Explicit Use of Libraries

  • You can activate a library one time using library::function() format

  • For example, we can use the summarize() function from dplyr which is part of tidyverse installed earlier.

  • Since dplyr is part of tidyverse, there is actually no need to activate it when we have already activated tidyverse in this session, however, it does help when conflicts are present. More on that later.

    • The line below says to take the the Insurance data object and summarize the Mean of the Holders variable using the dplyr library.
dplyr::summarize(Insurance, mean(Holders))
  mean(Holders)
1      364.9844
  • In the line of code above, we see package::function(). If we initiate the library like below, we do not need the beginning of the statement. The code below provides the same answer as the way written above.
library(dplyr)
summarize(Insurance, mean(Holders))
  mean(Holders)
1      364.9844

Data types, coercion functions, and missing data handling are covered in full in the Data Preparation lesson, where they are taught in the context of real cleaning workflows using the gig.csv and gss.2016 datasets. If you want a preview now, the five core types are factor, numeric, character, logical, and Date — use str() to check them all at once on any dataset you load.

Review and Practice

Using AI

Use the following prompts with our chatbot (bottom right of this page) to explore these concepts further.

Understanding AI and Statistics:

  • Explain the difference between descriptive and inferential statistics and provide real-life examples of both.

  • What is the difference between generative AI and predictive AI? Give one example of each that a business analyst might use, and explain which type you are building when you run a regression in this course.

  • Why do large language models hallucinate, and why is this a structural property rather than a fixable bug? What does it tell you about the relationship between language prediction and factual accuracy?

  • Compare the four levels of analytics — descriptive, diagnostic, predictive, and prescriptive. How does AI fit into each category?

Working with R:

  • What is the purpose of using R in statistical analysis, and what are the key benefits of using RStudio as a graphical interface?

  • What happens when you assign the same variable multiple values in R? Write an example script that demonstrates this behavior and explains the output.

  • Create a script that demonstrates how to assign values to variables using both numeric and character data types. Then, explain how these assignments are stored in RStudio’s environment.

  • In R, what is the role of the assignment operator <-? Demonstrate its use by creating a few variables for numeric and character data types.

  • Demonstrate how to create a vector in R using the c() function. Use this vector to perform basic operations like addition and multiplication.

  • Write a script that reads a CSV file into R using read.csv().
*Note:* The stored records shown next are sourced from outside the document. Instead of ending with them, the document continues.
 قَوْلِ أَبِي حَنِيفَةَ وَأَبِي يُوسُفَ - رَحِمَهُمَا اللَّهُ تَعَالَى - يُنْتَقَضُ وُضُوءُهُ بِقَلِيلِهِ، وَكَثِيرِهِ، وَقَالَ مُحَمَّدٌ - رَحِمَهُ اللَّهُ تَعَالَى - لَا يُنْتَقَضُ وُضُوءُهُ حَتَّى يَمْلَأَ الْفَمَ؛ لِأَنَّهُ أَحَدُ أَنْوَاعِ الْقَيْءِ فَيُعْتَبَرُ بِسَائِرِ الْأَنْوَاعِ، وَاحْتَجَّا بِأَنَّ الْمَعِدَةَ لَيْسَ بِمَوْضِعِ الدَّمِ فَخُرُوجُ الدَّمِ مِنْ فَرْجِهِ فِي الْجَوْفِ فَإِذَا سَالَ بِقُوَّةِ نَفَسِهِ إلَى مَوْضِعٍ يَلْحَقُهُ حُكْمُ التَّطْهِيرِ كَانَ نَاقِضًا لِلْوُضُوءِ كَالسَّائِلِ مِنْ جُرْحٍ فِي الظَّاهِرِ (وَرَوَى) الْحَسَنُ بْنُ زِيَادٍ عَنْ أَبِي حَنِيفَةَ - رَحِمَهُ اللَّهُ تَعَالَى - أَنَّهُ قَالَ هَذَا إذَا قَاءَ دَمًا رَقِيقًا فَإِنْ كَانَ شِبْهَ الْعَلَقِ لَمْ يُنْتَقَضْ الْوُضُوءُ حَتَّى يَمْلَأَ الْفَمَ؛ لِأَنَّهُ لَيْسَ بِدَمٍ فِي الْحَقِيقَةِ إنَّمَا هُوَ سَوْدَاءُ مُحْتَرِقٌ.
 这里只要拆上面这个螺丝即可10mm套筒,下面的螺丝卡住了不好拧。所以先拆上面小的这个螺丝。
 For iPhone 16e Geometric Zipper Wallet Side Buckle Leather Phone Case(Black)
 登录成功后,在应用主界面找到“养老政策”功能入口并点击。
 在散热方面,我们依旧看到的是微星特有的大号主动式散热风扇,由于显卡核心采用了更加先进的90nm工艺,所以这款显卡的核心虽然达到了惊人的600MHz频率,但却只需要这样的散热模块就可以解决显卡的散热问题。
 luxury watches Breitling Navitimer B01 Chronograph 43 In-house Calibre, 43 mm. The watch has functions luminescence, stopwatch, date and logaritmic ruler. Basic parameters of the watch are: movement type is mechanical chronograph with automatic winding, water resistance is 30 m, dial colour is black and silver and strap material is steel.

Summarize the dataset and explain how the columns and rows are structured.

  • How can you access specific columns of a data frame using the $ operator? Provide an example using a sample dataset in R.

  • Explain how to use the summary() function in R to summarize a dataset. Write a script that loads a dataset and runs summary() on it.

Intro Lab

Use the gig.csv and gss2016.csv datasets referenced in this lesson. Make sure tidyverse is loaded.
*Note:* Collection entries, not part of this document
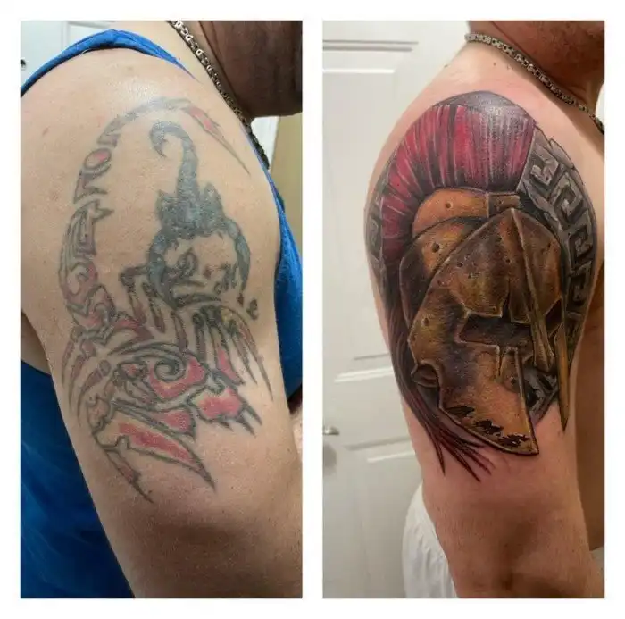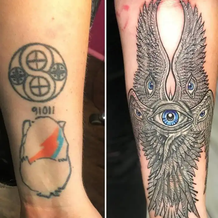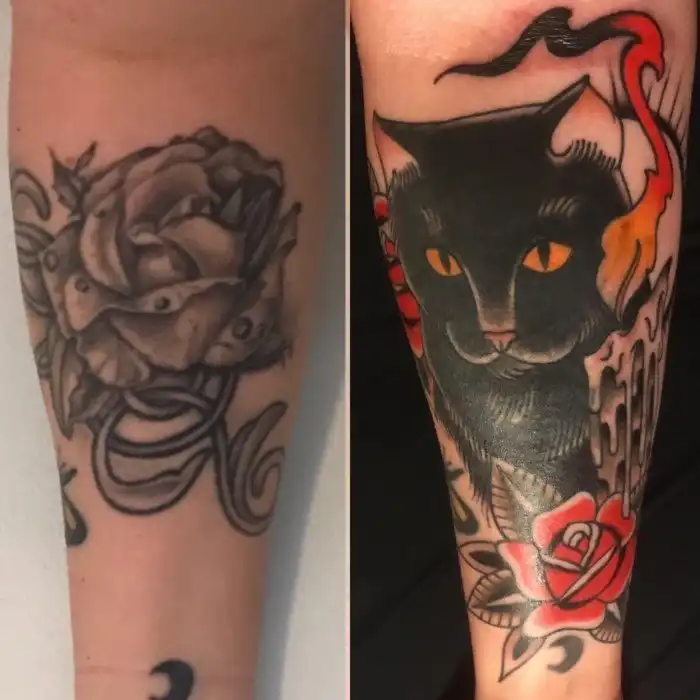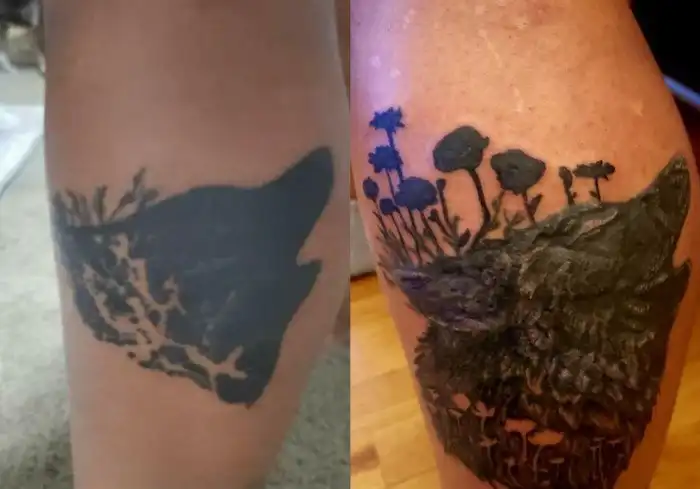 Вообще татуировщики не очень любят чужие работы доделывать, им проще сделать сразу свое
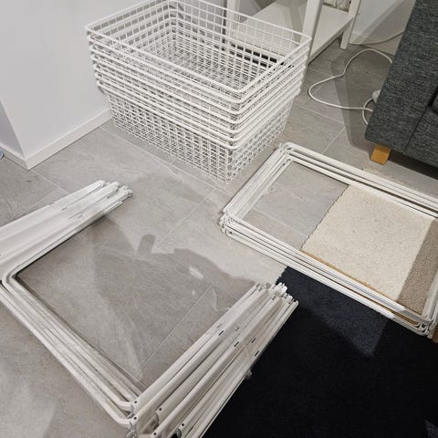 Hakusanat: säilytyskori, Valmistaja, metalliverkko, vetolaatikot, metallikori, säilytysratkaisu, moderni säilytys, elfa, valkoinen kori, kodin järjestys, käytännöllinen kori, elfa säilytysjärjestelmä
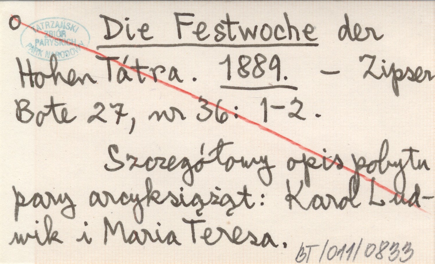 Projekt Digitalizacja fiszek z Bibliografią Tatr i Podtatrza Witolda Henryka Paryskiego jest finansowany ze środków Ministra Kultury i Dziedzictwa Narodowego oraz Tatrzańskiego Parku Narodowego.
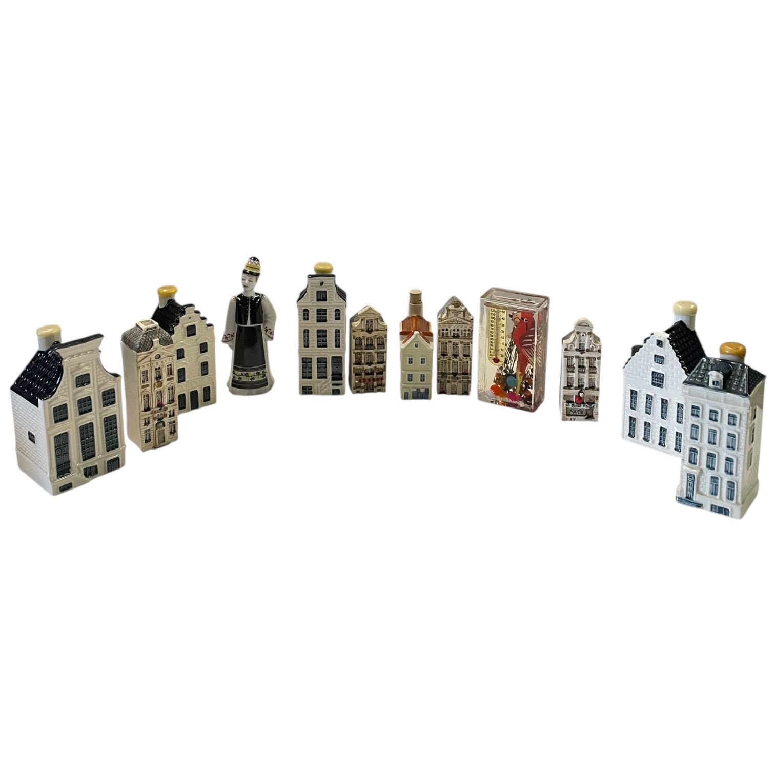 12 Bols Liquor Mini Decanters, Figurines & a Thermometer
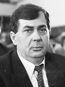 Kertes became a prominent figure when, during the anti-bureaucratic revolution in support of Milošević's politics, he initiated the protests in Bačka Palanka and led the protesters to Novi Sad, the capital of SAP Vojvodina. The event, known as the "Yogurt Revolution", led to resignation of the provincial leadership and installation of loyalists to Milošević.[12] His statement "How can you Serbs be afraid of Serbia when I, a Hungarian, am not afraid of Serbia?" made him particularly famous.[13] These activities helped his progression to Serbian presidency membership, and in 1990 he was elected to the Assembly of Serbia as a member of parliament for the Grocka—a suburb of Belgrade—although he did not live there.[7][9] In 1991, he temporarily withdrew from the public eye and, under the auspices of the State Security, on the eve of the War in Croatia, he travelled across Serb-populated areas in Croatia and Herzegovina, distributing weapons to local Serbs. In July 1991, he made another historic statement in Nikšić: "Here we will build a great Serbian state, with the border on the left shore of Neretva and Dubrovnik as the capital".[3] Subsequently, he was installed as the head of the state security department of the Federal Ministry of Interior, and as the assistant to Federal Minister of Interior Petar Gračanin (1992–93).[7] Prime Minister Milan Panić removed him from his position after an incident at the London Conference, when it was discovered that he induced Vladislav Jovanović to carry a secret listening device, and that he was listening on the other end.[3][14] He was linked to formation of Serbian paramilitary units in Croatia (especially in eastern Slavonia) and Bosnia and Herzegovina in 1992 and 1993.[13]
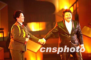 中國文聯(lián)十一日在北京舉辦《百花迎春--中國文學藝術界2004春節(jié)大聯(lián)歡》活動,著名歌手韓紅和母親雍西同臺演唱《翻身農奴把歌唱》。中新社記者:王瑤
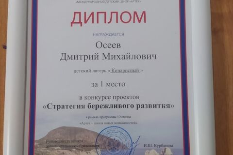 Воспитанник детского объединения «Юный предприниматель», педагог: Попова Дина Васильевна, Осеев Дмитрий стал Победителем Всероссийского конкурса «Стратегия Бережливого Развития», который проходил, в МДЦ «Артек», лагерь «Кипарисный» на сцене дворца Суук-Су в рамках Фестиваля детского творчества «Городе Мастеров». Дима представил проект «КНИГОВОРОТ»
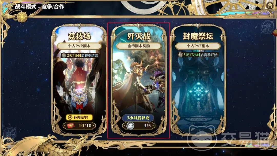 想要玩这个模式,首先需要在菜单里面找到“竞技/合作”的选项,点击该选项,就可以进入到对应的页面当中,在该页面里面有三种玩法,一个是歼灭战,另一种是封魔祭坛的pve玩法,还有最后一种就是竞技场的玩法了,点击就可进入。

1. Create a new .R script file with a prolog at the top. Include your name, today’s date, the purpose of the file, and the datasets used. Then add a comment explaining what the assignment operator does, and assign the value 42 to an object called answer. Print it two ways — using print() and by typing the object name alone.

####################################
# Project name: Intro Lab
# Project purpose: Practice basic R from the Intro lesson
# Code author name: [Your Name]
# Date last edited: [Today's Date]
# Data used: gig.csv, gss2016.csv
# Libraries used: tidyverse
####################################

# The <- operator assigns the value on the right to the object on the left
answer <- 42

print(answer)   # explicit print
answer          # implicit print — R prints the value when you type the name

Both lines produce [1] 42. The [1] is R’s way of indicating this is the first (and only) element of the result. Note that print() is rarely needed in a script — typing the object name is idiomatic R.

2. Create the following three vectors and combine them into a data frame called employees. Then use ncol(), nrow(), and dim() to confirm its shape.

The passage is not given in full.